Choramphenicol exerts a dose-dependent myelosuppression, which is common and reversible. Approximately 1 in 30 000 patients given chloramphenicol develop irreversible aplastic anemia. Although this idiosyncratic reaction is rare it is the major reason why chloramphenicol is seldom used. However, chloramphenicol is more widely used in
developing countries because of its low price, broad spectrum of activity and efficacy in enteric fevers.
▪ Chloramphenicol is conjugated in the liver to its inactive glucuronide
Neonates have a reduced ability to conjugate chloramphenicol; this sometimes results in high serum chloramphenicol concentrations with resultant toxicity. Such toxicity is manifest as the gray baby syndrome, which is characterized by abdominal distention, vomiting, cyanosis and circulatory collapse. If chloramphenicol must be used in neonates, serum concentrations need to be monitored closely.

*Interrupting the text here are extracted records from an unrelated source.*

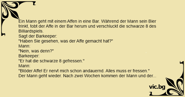 Ein Mann mit einem kleinen Äffchen kommt in eine Bar. Während der Mann gemütlich sein Bier trinkt, springt das Äffchen im ganzen Lokal herum. Es schnappt sich ein paar Erdnüsse auf einem Tisch, dann springt es auf den Billardtisch, greift sich eine Billardkugel und schluckt auch diese hinunter....
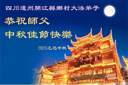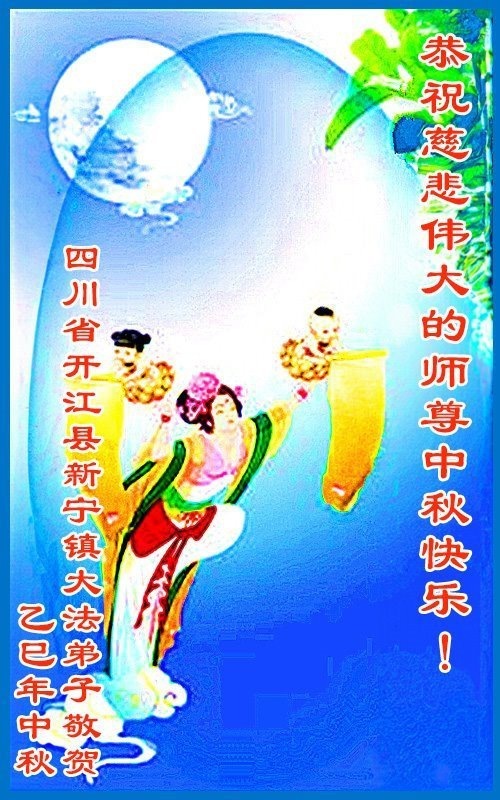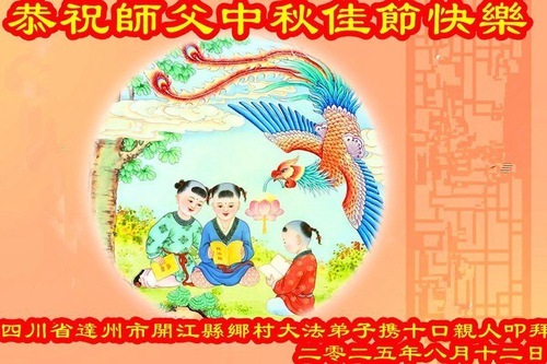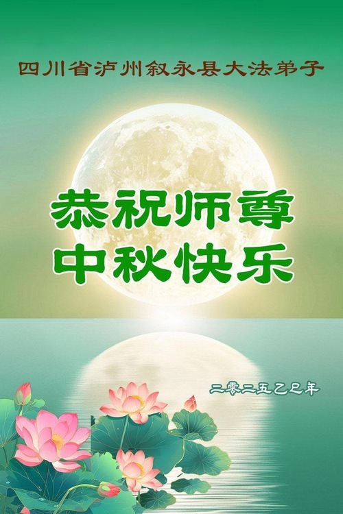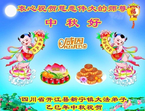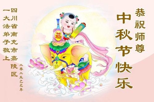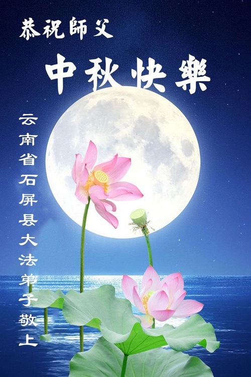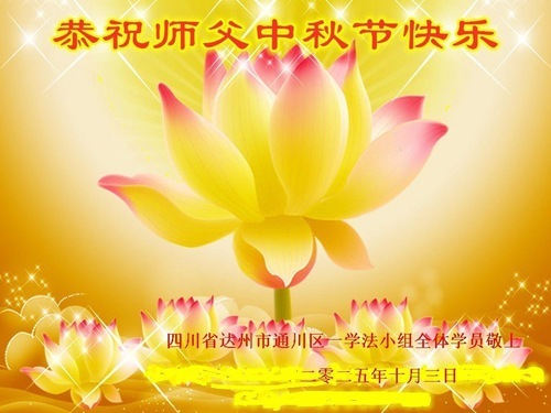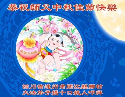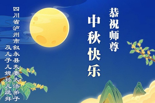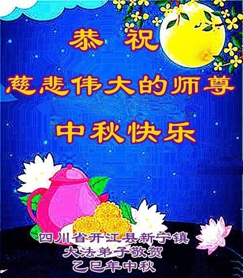 I praticanti della Falun Dafa delle città e aree di Guang’an, Dazhou, Leshan, Deyang, Luzhou, Guangyuan, Bazhong, Panzhihua, Shehong, Nanchong, Mianyang, Suining e Ziyang, nella provincia del Sichuan, augurano rispettosamente al Venerato Maestro un felice Festival di Metà Autunno!
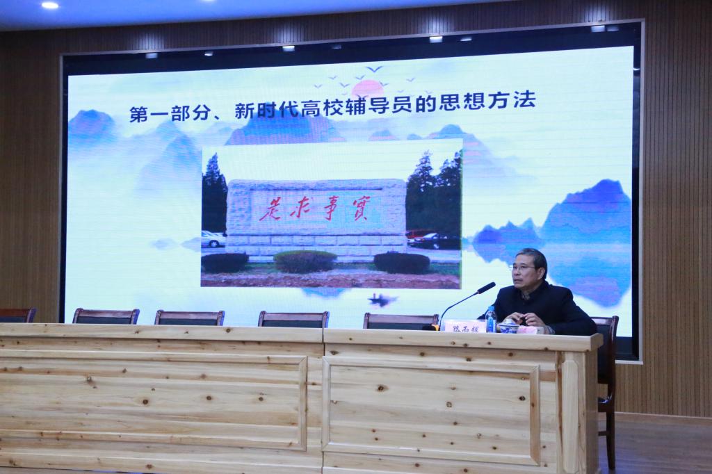 随后,路丙辉教授以《新时代高校管理人员的思想方法与工作方法》为题作了学术报告。他指出,新时代管理人员的思想方法是坚持实事求是,工作方法是坚持群众路线。接着他联系自身思想政治教育工作经历,以辅导员班级管理中的兴趣小组建设为例,以生动幽默的语言、深入浅出阐述了这一思想方法和工作方法在高校管理工作的运用。同时,路教授在报告中还提出,解决当前思想政治教育困境的路径,需要高校管理人员“思维要新,视野要广”,以家庭为抓手,突破“三全育人”范畴的局限,达到家校合一,实现全员全程全方位育人。听完路讲授的讲座,参会人员都表示受益匪浅。

It is given by oral, i.v. and topical routes. The oral route is associated with 80% bioavailability and clearance is primarily through hepatic metabolism resulting in a half-life of 3 hours.
Oxazolidinones
Oxazolidinones are the newest class of synthetic antibiotics. In 2000, linezolid became the first oxazolidinone to be approved in the USA. It acts by binding to the bacterial 23S ribosomal RNA of the 50S subunit, thus preventing the formation of the 70S initiation complex required for protein synthesis. This inhibition of bacterial protein synthesis is at a very early step, preceding the interaction of transfer RNA and the 30S ribosome with the initiator codon. Currently only linezolid is available for oral or i.v. administration. As a result of its unique mechanism of action, there is no cross-resistance with other classes of antibiotics.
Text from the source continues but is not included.